The Valley Golf Course
- 36°11′N 79°38′W﻿ / ﻿36.18°N 79.63°W

Club information
- Location: Burlington, NC
- Established: 1968
- Type: Public
- Owner: City of Burlington, NC
- Operator: City of Burlington, NC
- Tota holes: 18
- Tournaments: Alamance County Amateur Alamance County All-County High School Tournament Alamance County Senior Amateur
- Greens: Bent Grass
- Fairways: Bermuda Grass
- Website: https://www.golfatthevalley.com/

Course Information:
- Designed by: Ellis Maples
- Par: 70
- Length: 6,610 (from black tees)
- Course rating: 71.3 (from black tees)
- Slope rating: 116 (from black tees)

= Indian Valley Municipal Golf Course =

The Valley Golf Course, formally called Indian Valley Municipal Golf Course, is an 18-hole municipal golf course located in Burlington, North Carolina. It is owned and operated by the city of Burlington. Prior to 2021, it was known as Indian Valley.

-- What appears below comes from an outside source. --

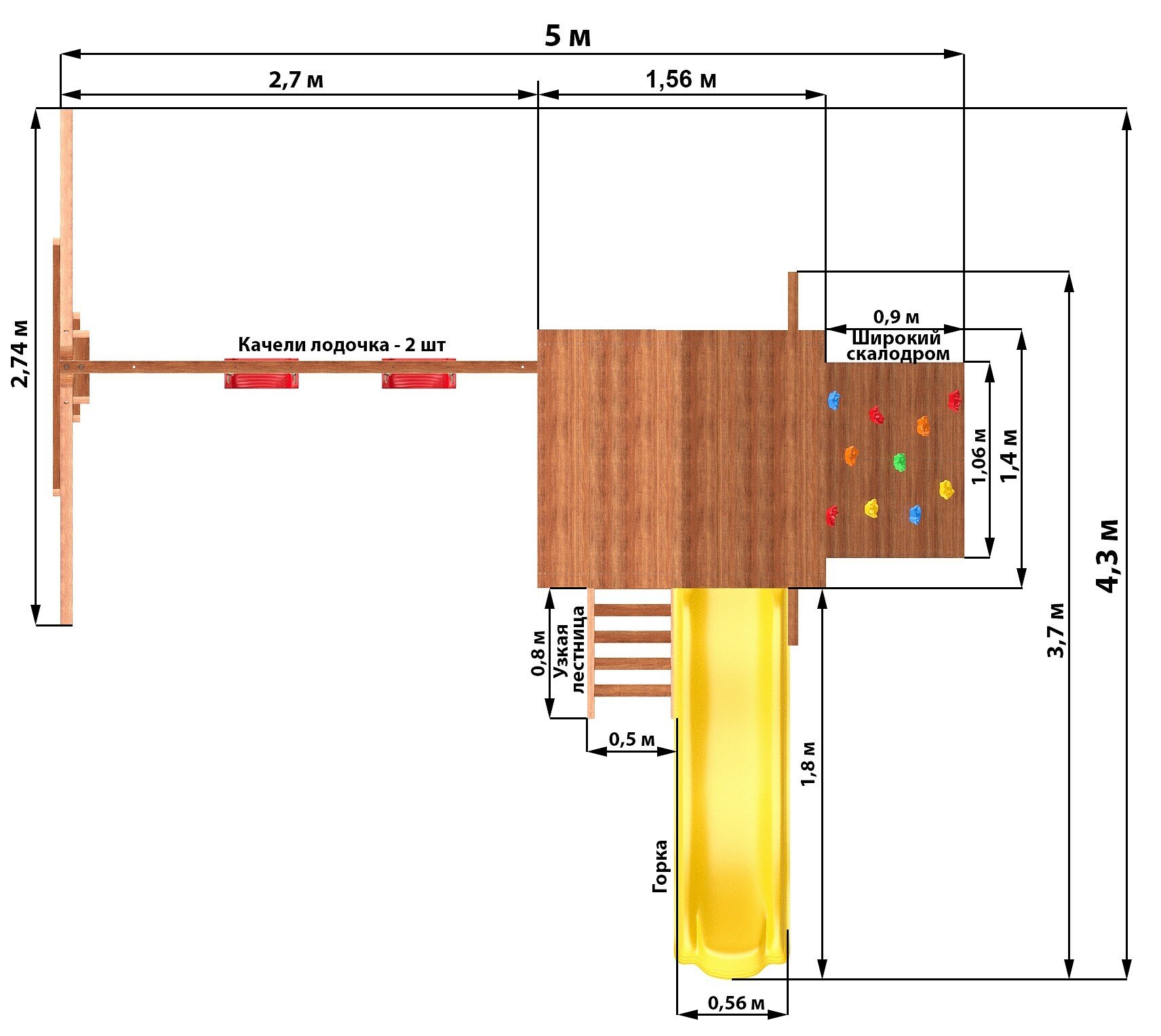 Детский игровой комплекс уличный для дачи с горкой, качелями, скалодромом СГ5-Р912

The Valley is an 18-hole, par-70 golf course that is open year-round to the general public. The course has held several competitive tournaments in recent years, including the Elon University Family Weekend Golf Tournament. The course was built in 1968, and designed by Ellis Maples.

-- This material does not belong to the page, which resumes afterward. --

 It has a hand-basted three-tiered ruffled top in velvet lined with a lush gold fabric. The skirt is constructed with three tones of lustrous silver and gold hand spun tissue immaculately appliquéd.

The Valley has hosted the Alamance All-County High School Golf Championships for several years, as well as several local mid-amateur tournaments in the past.

== History ==

Indian Valley Golf Course was constructed on the banks of the Haw River in Burlington in 1968 and was designed by Ellis Maples. The course has been owned and operated by the city of Burlington since its inception. The main goal of the course is and has been to provide affordable golf for any level of golfer in the Piedmont Triad region of North Carolina. Soon after the construction of the course, the driving range was added to the facility, which is also accessible to the public.

In 2021, the golf course was rebranded, and is now operated as "The Valley Golf Course."

== Tournaments ==

The Valley has hosted several competitive tournaments in its history, including recent mid-amateur tournaments in the summer of 2013 and the annual Elon University Family Weekend Tournament. The course has held the Alamance County Amateur, the Alamance County All-County High School Tournament, and the Alamance County Senior Amateur in recent years.

== Course designer ==
The Valley Golf Course was designed by Ellis Maples (1909–1984), who was a prolific golf course
designer and architect throughout North Carolina. Maples began working on golf courses under the
tutelage of the arguably the greatest designer to have ever lived, Donald Ross. Maples got his start in
golf course design under his father, who was the construction superintendent at Pinehurst Country
Club for the construction of the first four courses. He served in the U.S. Armed Forces during
World War II, then in 1953 he opened his own golf course architectural firm. Maples and his company went
on to design over 70 courses in the Southeast region over the next thirty years, including Indian
Valley Golf Course and Pinehurst #5. Ellis Maples died in 1984 and his son Dan Maples
took over the family golf course design company.